Spice & Spin-offs
Prohibition's High-Tech Cannabis Substitutes
Jun 2009
Citation: Erowid E, Erowid F. "Spice & Spin-offs: Prohibition's High-Tech Cannabis Substitutes." Erowid Extracts. Jun 2009;16:12-16.
|
These products are one of the most interesting developments in grey-market recreational drugs since the "research chemical" phenomenon of the early 2000s. This new evolution in psychoactives is made possible by sophisticated knowledge of chemistry, pharmacology, scientific research, drug detection methods, marketing, and international drug laws. The trend involves the sale of novel, putatively legal, functional psychoactives packaged in such a way as to hide the identity of the active compounds from both governmental agencies and from other manufacturers, since candidly marketing a new recreational chemical would shorten the period before it is copied or banned.
Spice: The Template
When we first read about Spice in online forums in early 2007, we immediately suspected that this "herbal" concoction might be something more novel than merely another smoking blend claiming cannabis-like effects. Though we had little to go on other than informed speculation and a few first-hand reports, the described effects seemed too strong and too similar to cannabis to be the result of the listed ingredients, none of which was known for having any noteworthy psychoactivity.

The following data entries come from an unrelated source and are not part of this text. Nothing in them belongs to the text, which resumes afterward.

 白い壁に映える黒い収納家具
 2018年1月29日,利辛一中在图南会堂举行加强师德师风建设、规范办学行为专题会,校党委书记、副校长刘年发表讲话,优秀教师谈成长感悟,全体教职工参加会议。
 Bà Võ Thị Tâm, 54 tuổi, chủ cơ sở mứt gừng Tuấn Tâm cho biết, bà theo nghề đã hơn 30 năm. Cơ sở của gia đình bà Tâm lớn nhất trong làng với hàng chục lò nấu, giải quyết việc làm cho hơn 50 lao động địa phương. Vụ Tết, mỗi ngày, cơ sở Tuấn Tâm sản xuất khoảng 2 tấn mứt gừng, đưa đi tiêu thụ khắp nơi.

We were unable to find a U.S. vendor that sold Spice, and multiple European suppliers told us that the manufacturer stipulated that it not be sold into the United States. (Later packaging specifically states "Not for sale in the USA".) We ordered a package from a British vendor in March 2007, and quickly verified our suspicions via bioassay; the effects were obviously the result of a THC-like compound. We have been following the Spice phenomenon ever since.The original small (3" x 3.75") foil packets feature a distinctive eye logo atop a stylized leaf and contain what appears to be a blend of different dried and ground plant materials. The package lists 13 herbs and spices: baybean, blue lotus, dwarf scullcap, indian warrior, lion's tail, maconha brava, marshmallow, pink lotus, red clover, rose, Siberian motherwort, vanilla, and honey.
...the described effects seemed too strong and too similar to cannabis to be the result of the listed ingredients...

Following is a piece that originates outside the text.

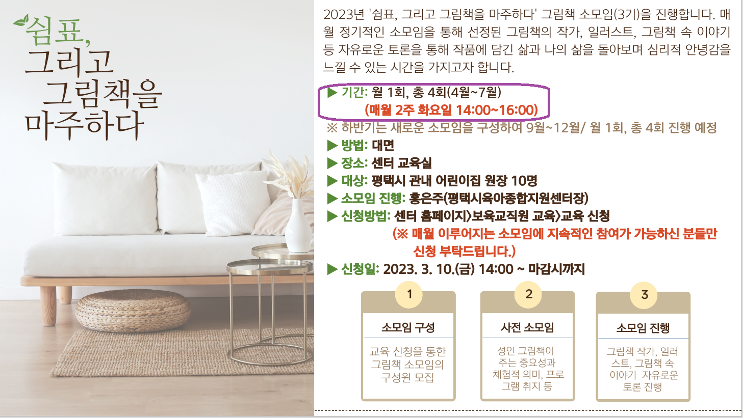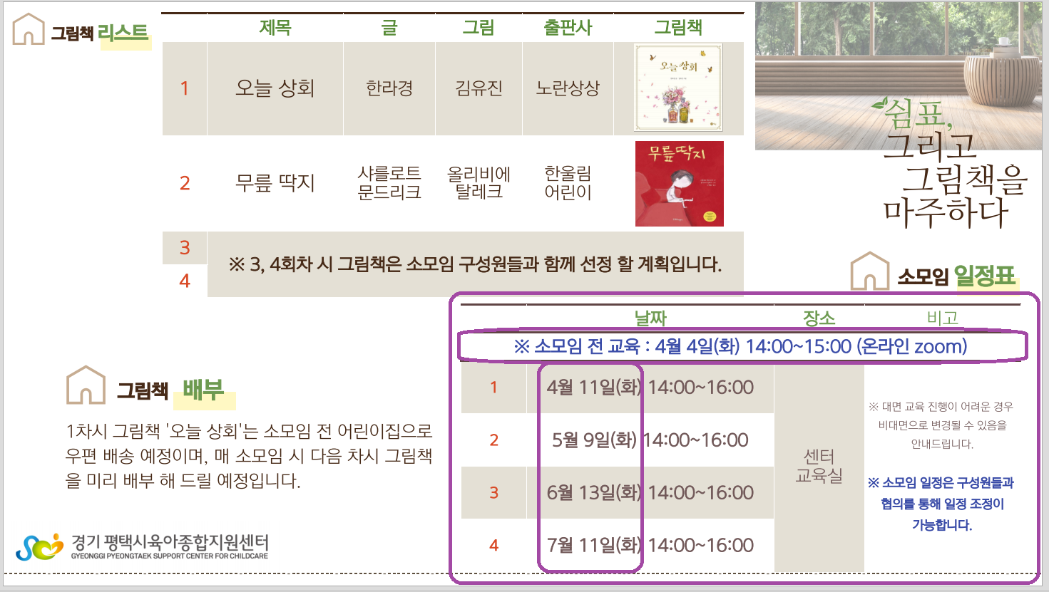 ※ 센터의 교육별 일정 조정으로 인해 그림책 소모임 일정이 매월 둘째주 화요일로 변경되었습니다.

Although the 2008/2009 packaging clearly states that it is "not for human consumption", a claim repeated by many of the online vendors who sell it, The Psyche Deli tellingly trademarked Spice in Britain both as incense and as an herbal smoking product/tobacco substitute.1
Spice: Effects
We interviewed a number of people who had smoked the original Spice and some Erowid crew also reported on their experiences. Everyone agreed with web forum postings that the Spice smoke is harsh compared to good quality cannabis or hash, with a pleasant vanilla aroma reminiscent of flavored tobaccos. Although one person described experiencing no significant effects from Spice, most reported that the effects were very similar to those of cannabis, and nothing like the "maybe I feel something, maybe I don't"-type effects of most herbal cannabis replacements. Spice smokers reported feeling "stoned" or a "cannabis-like high", yet also consistently reported that the effects were not quite the same as cannabis. While specific differences have not been clearly identified, many descriptions suggest that Spice's effects have a stronger physical component at a given level of mental high.Though some of the herbs listed on the Spice packaging are known to have mild psychoactive effects, it was obvious to the Erowid crew that none of the herbs by themselves could be responsible for the level of effects that were reported. The only listed herb with which we were not familiar was indian warrior, presumably Pedicularis densiflora, which we later confirmed does not have effects similar to Spice when smoked.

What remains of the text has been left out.